Não me entenda mal, meu amigo. Não quero eu, daqui do Brasil, dar uma de sabichão e dizer que tenho a solução para todos os problemas ancestrais que pairam sobre essa terra. Na verdade, mal dou conta de entender os problemas daqui. Então, quando pus os pés na tua terra, eu o fiz com o máximo respeito e com a humildade de quem queria aprender. Como me ensinou uma canção daqui da minha terra: “alguém me avisou pra pisar neste chão devagarinho”. Só não sabia que eu deveria seguir os versos de Dona Ivone Lara de maneira literal.
Viajando de carro por Nagorno-Karabakh com amigos, vi uma construção peculiar, distante no horizonte. Pedimos para o motorista parar o bravo Lada para que pudéssemos andar até a construção. Nossa guia protestou, mas acabou cedendo ao pedido. Andamos uns 500 metros por um lindo campo até chegar no mausoléu turcomeno dos séculos XIV-XV, rodeado por lápides tão antigas quanto. Depois de uns minutos explorando aquele local sagrado e admirando sua beleza e energia, um de nós percebeu que havia buracos no solo onde pisávamos. Estávamos em um campo minado. Não sabíamos se a área já havia sido “limpa” por alguma autoridade, ONG, ovelhas desavisadas pastando por campo tão verdejante ou se seríamos nós, pobres rapazes latino-americanos que faríamos esse trabalho com os nossos corpos. Por sorte, Deus, Alá, Exu ou graças a Halo Trust, saímos vivos e posso hoje te escrever esta carta. Sinto muitíssimo que milhares de pessoas encontraram outro destino naqueles campos.
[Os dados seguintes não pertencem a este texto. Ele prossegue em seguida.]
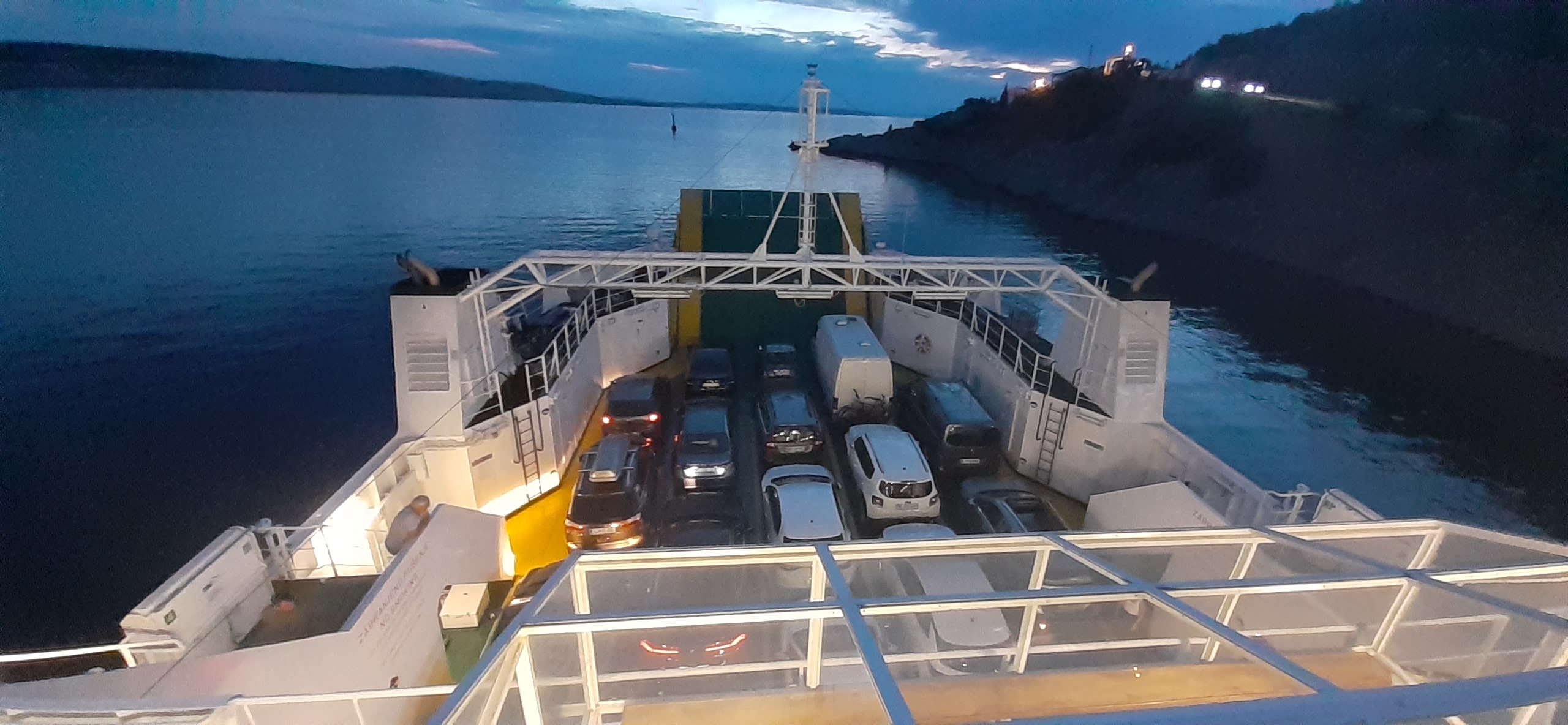 Na prom Prizna dojechaliśmy po zachodzie słońca, na całe szczęście jeszcze było co nie co widać. To mój pierwszy taki transport wodny w życiu i wyszedł na plus jeśli chodzi o czas podróży.

Sabe, meu amigo, eu fico mal quando vejo as fotos de jovens armênios e azerbaijanos de 18, 19 anos fardados e indo sorridentes para a linha de contato entre Azerbaijão e Nagorno-Karabakh. Eles vão, contentes, defender suas pátrias. Acreditam, genuinamente, que estão prestes a fazer justiça histórica, eliminando o inimigo, defendendo ou libertando o solo sagrado dos seus antepassados. Porém, no fundo, são apenas jovens matando jovens, enquanto oficiais ordenam disparos de artilharias contra alvos que não enxergam, do outro lado da fronteira. Em outros tempos, eles poderiam ser amigos, como eu e você. Mas, como diria Brecht, neste “tempo de desordem sangrenta, de confusão organizada, de arbitrariedade consciente, de humanidade desumanizada”, são vítimas da ganância de oligarquias, de interesses geopolíticos megalomaníacos e de projetos pessoais de perenização no poder.
Olha, meu caro amigo, eu entendo a tua raiva dos armênios. Afinal de contas, você não pode mais pisar na terra de seus antepassados. Mas, por favor, tente entender: as coisas poderiam ter sido bem diferentes e acredito que os armênios também prefeririam outra saída que não fosse a guerra, poupando a vida de milhares de filhos dessas montanhas. Da minha parte, vou trabalhar sempre para promover o diálogo, para que os teus irmãos armênios não te odeiem, para que não digam mais que vocês não deveriam existir e que vocês não são diferentes daqueles turcos que tentaram extermina-los em 1915. Mas, principalmente, que os teus irmãos e meus amigos armênios não digam que vocês são invasores, recém-chegados naquela terra que, eles sim, habitavam há milênios. No fim, o que todos nós queremos mesmo é contemplar mais uma vez as montanhas que nos pariram.